Dr. Shouman cautioned, “Not all long COVID is POTS,” and said that clinicians at long-haul clinics should be able to recognize the different conditions “when POTS is suspected. I think it is useful for those providers to make the appropriate referral for POTS clinic autonomic assessment.”
He and his colleagues at Mayo have seen quite a few patients who have post–COVID-19 autonomic dysfunction, such as vasodepressor syncope, not just POTS. They plan to write about this soon.
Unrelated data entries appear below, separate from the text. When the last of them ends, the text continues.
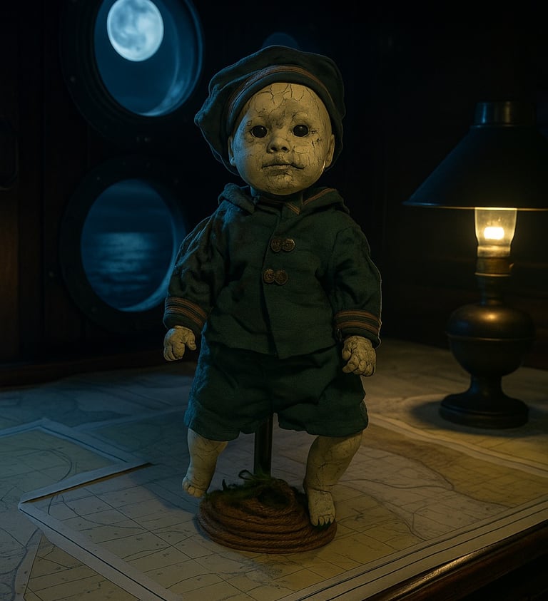 Only a child’s doll sat waiting in the captain’s chair. His face had cracked from salt and sun, and his dark eyes seemed fixed on the horizon. This was Pip, constant companion of young Nathaniel Winslow. His small sailor’s uniform bore faint stains where a boy’s hands once clung to him.
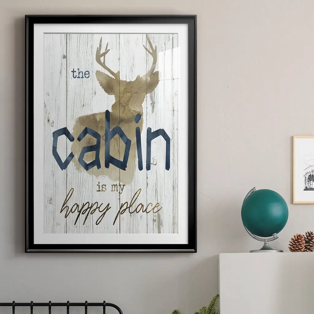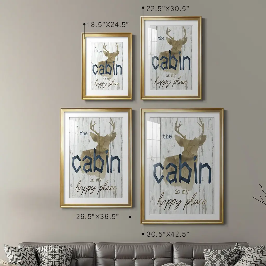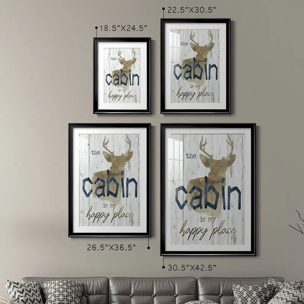 Happy Place Cabin Premium Framed Print - Ready to Hang A Premium Framed Print created to last. Framed in distressed wood and available in an array of sizes and colors Featuring a beveled a solid wood stretcher bar, each piece comes ready to hand 4 SIZES AVAILABLE 30.5''X42.5'' - Overall Size 26.5'X36.5'' - Overall Size 22.5''x30.5'' - Overall Size 18.5''x24.5'' - Overall Size Each piece is made to order. Each piece comes with hanging hardware. Made in the USA Ready to Hang Giclee Paper Print Acrylic Glass Beveled Matt Board
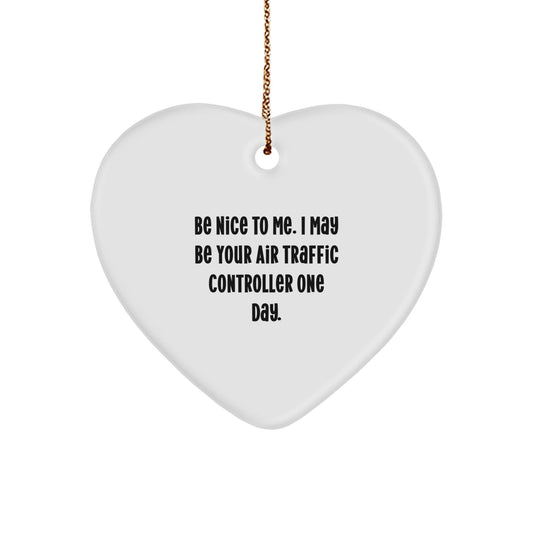 Funny Air Traffic Controller Heart Ornament Gifts from Men to Air Traffic Controller Friends - 'Be Nice To Me' Christmas Unique Gifts
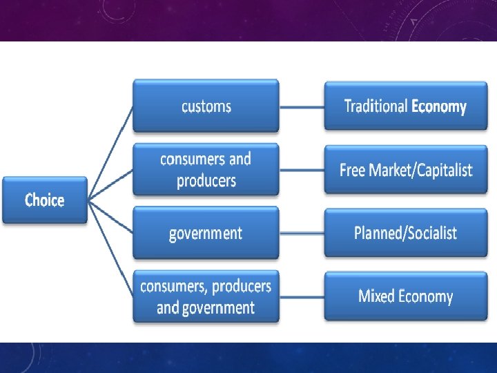 RESOURCES ARE SCARCE = ECONOMIES ADDRESS 3 ECONOMIC QUESTIONS: 1. What goods and services should be produced? 2. How should these good and services be produced? 3. For Whom to produce these goods and services?
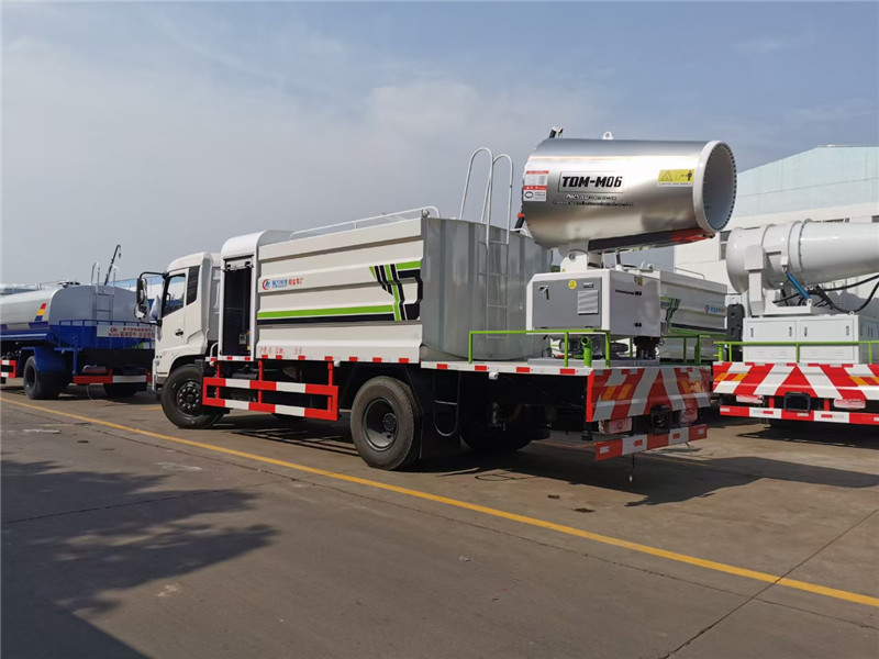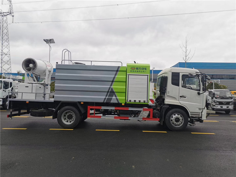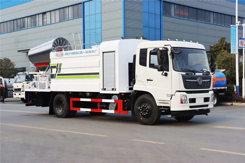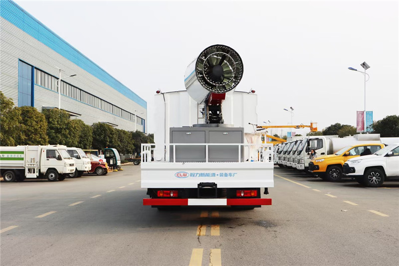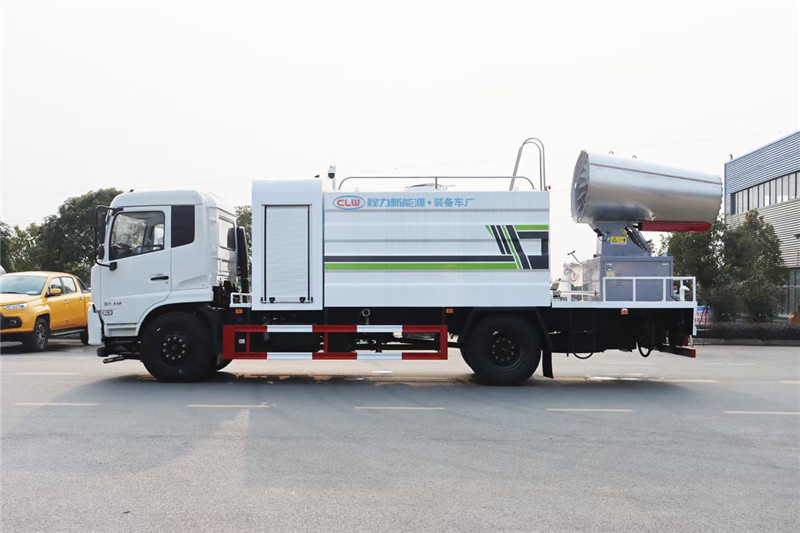 湖北程力國六東風(fēng)天錦60-100米抑塵車(方罐)程力威牌CLW5181TDYD6型多功能抑塵車廠家配置: 湖北程力國六東風(fēng)天錦抑塵車底盤配置:底盤采用東風(fēng)天錦國六底盤,公告型號:CLW5181TDYD6,康明斯6缸ISB210馬力發(fā)動(dòng)機(jī),4700軸距,275真空胎,6檔變速箱,原裝空調(diào),ABS。 湖北程力國六東風(fēng)天錦抑塵車上裝配置:罐體容積11.3立方,罐體為方形罐,罐體內(nèi)部做防腐,罐體鋼板采用Q235碳鋼鋼材,整車具備灑水車的一切功能(前沖、后灑、側(cè)噴、平臺高炮),氣動(dòng)球閥控制灑水功能,水位報(bào)警器,標(biāo)配億豐60/90水泵,自流閥及消防接頭各1個(gè)、水管2根。后平臺安裝一臺60米霧炮。 湖北程力國六東風(fēng)天錦抑塵車霧炮參數(shù):CLW-100型60米,副發(fā)電機(jī)組功率50(Kw),風(fēng)機(jī)功率15(Kw),不銹鋼多級離心泵功率5.5(Kw)。100米無線遙控操作,霧化距離60米(靜風(fēng)室內(nèi)距離)實(shí)際射程:(霧化射程會(huì)受濕度、溫度、風(fēng)速等各方面天氣因素的影響,另外天氣干燥地區(qū)一部分在空中被蒸發(fā)掉)。 | 湖北程力國六東風(fēng)天錦60-100米抑塵車(方罐)程力威牌CLW5181TDYD6型多功能抑塵車圖片價(jià)格:
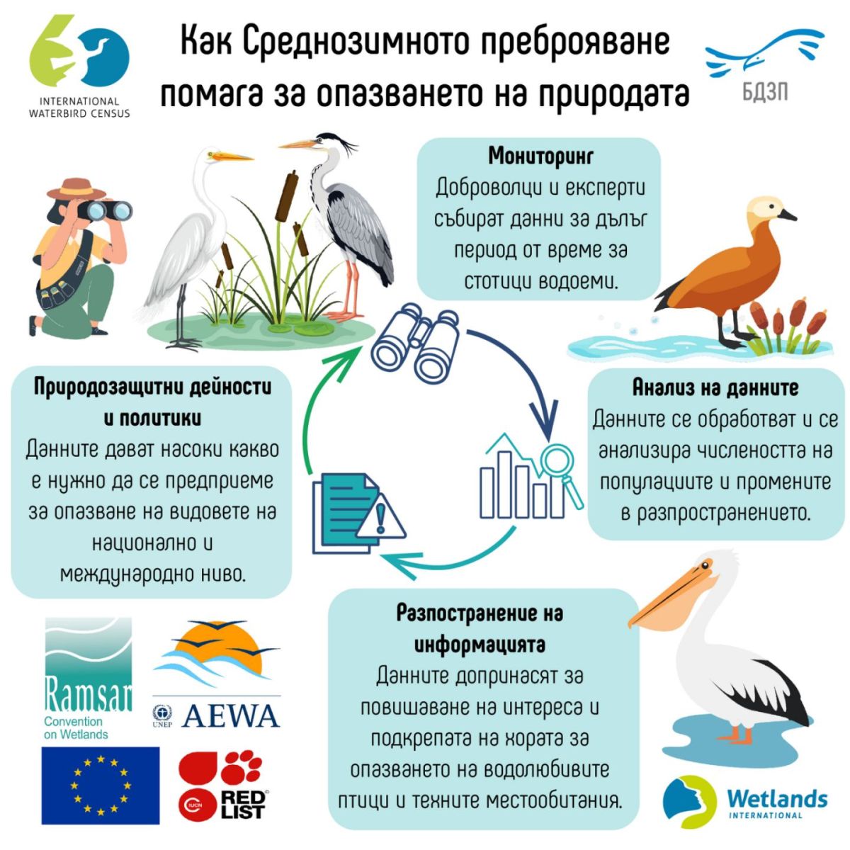 Резултатите от преброяването ще бъдат използвани за анализ на дългосрочните тенденции, включително ефектите от климатичните промени, и за планиране на мерки за опазване на най-ценните влажни зони в региона.
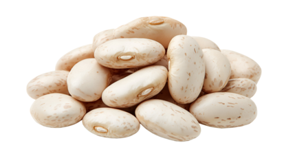 A close up overhead view of a pile of dried pinto beans isolated on transparent background
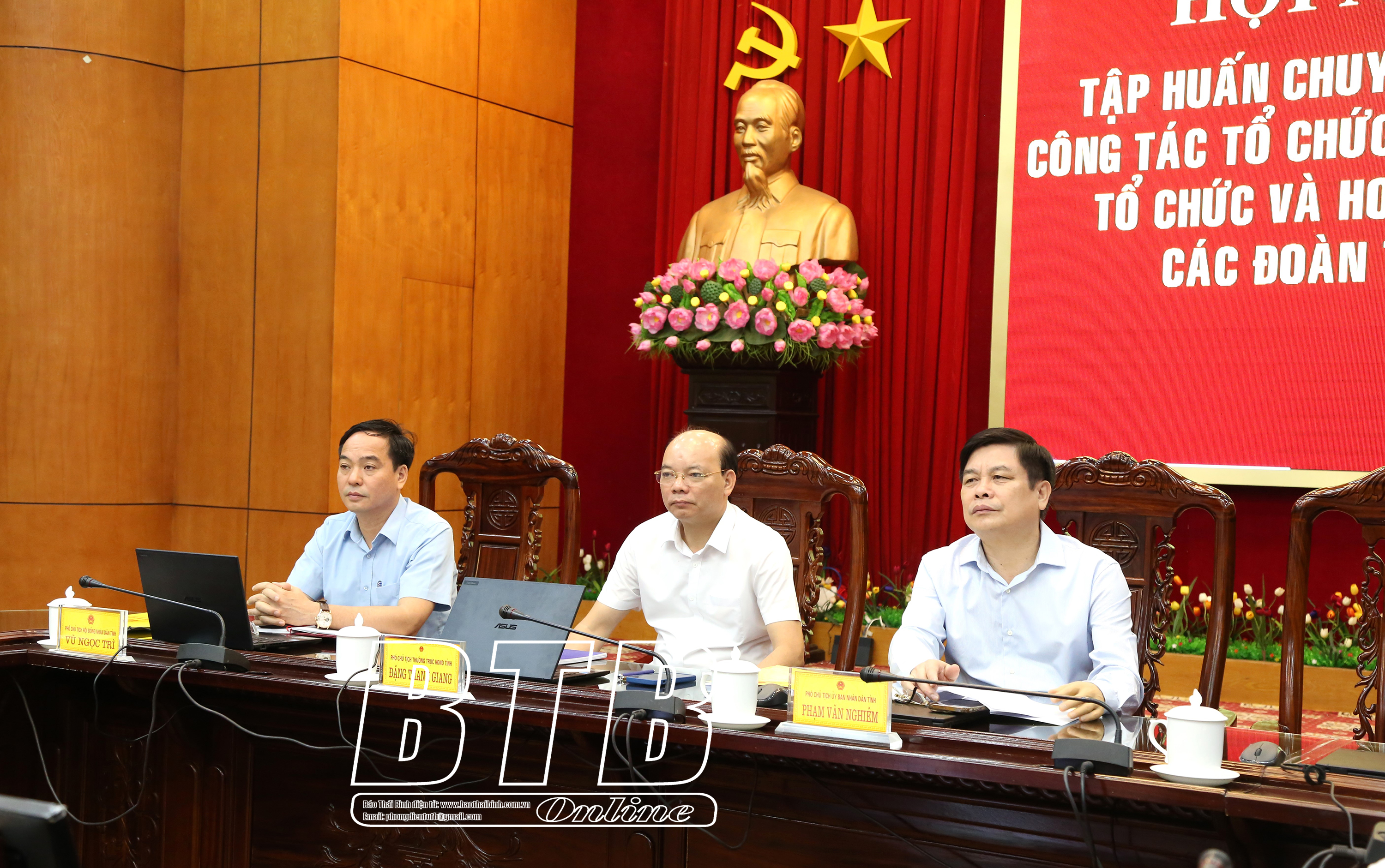 Các đồng chí lãnh đạo HĐND, UBND tỉnh dự hội nghị tại điểm cầu UBND tỉnh Thái Bình.
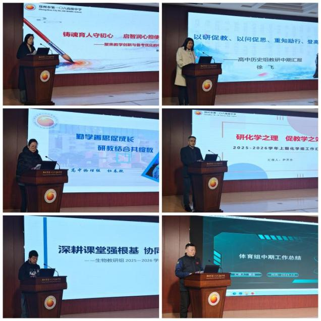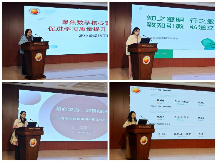 会议伊始,各学科教研组长依次进行汇报。组长们聚焦教学质量复盘、课程教学实施、教研成果梳理及教师团队建设等重点板块,结合学科特色进行了详细阐述。语文组探索AI赋能教学、数学组深耕核心素养培育、英语组推进分层教学实践、地理组创新真实情境实验,各学科亮点纷呈;同时,各组也坦诚剖析了命题难度把控、学段衔接不畅、青年教师成长支持等共性挑战,并提出技术赋能教学、深化课标落地、贯通学段教研等针对性改进思路,充分展现了各教研组务实进取、直面问题的专业姿态。
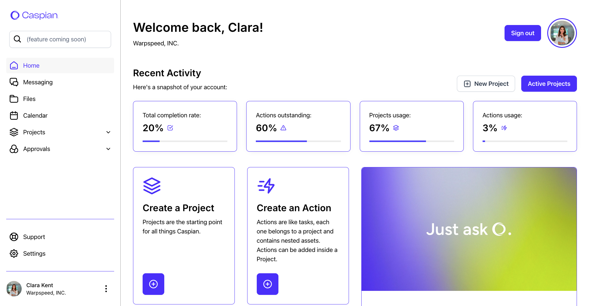 Our platform structure follows proven organizational methods for setting and achieving goals. Start with a Project, add task steps called "Actions," and add assets to dedicated approval flows for review.

“Of all the things I treat in cardiology, this is the most complex, because there’s so many different systems involved,” said Dr. Taub, who has seen patients recover fully from POTS. “There’s a spectrum, and there’s people that are definitely on one end of the spectrum where they have very severe diseases.”
For her, the important message is, “No matter where you are on the spectrum, there are things we can do to make your symptoms better.” And with grant funding for PASC research, “hopefully we will address the mechanisms of disease, and we’ll be able to cure this,” she said.
Dr. Patel has served as a consultant for Bayer, Janssen, AstraZeneca, and Heartflow and has received research grants from Bayer, Janssen, AstraZeneca, and the National Heart, Lung, and Blood Institute. Dr. Shouman reports no relevant financial relationships. Dr. Taub has served as a consultant for Amgen, Bayer, Esperion, Boehringer Ingelheim, Novo Nordisk, and Sanofi; is a shareholder in Epirium Bio; and has received research grants from the National Institutes of Health, the American Heart Association, and the Department of Homeland Security/FEMA.
A version of this article first appeared on Medscape.com.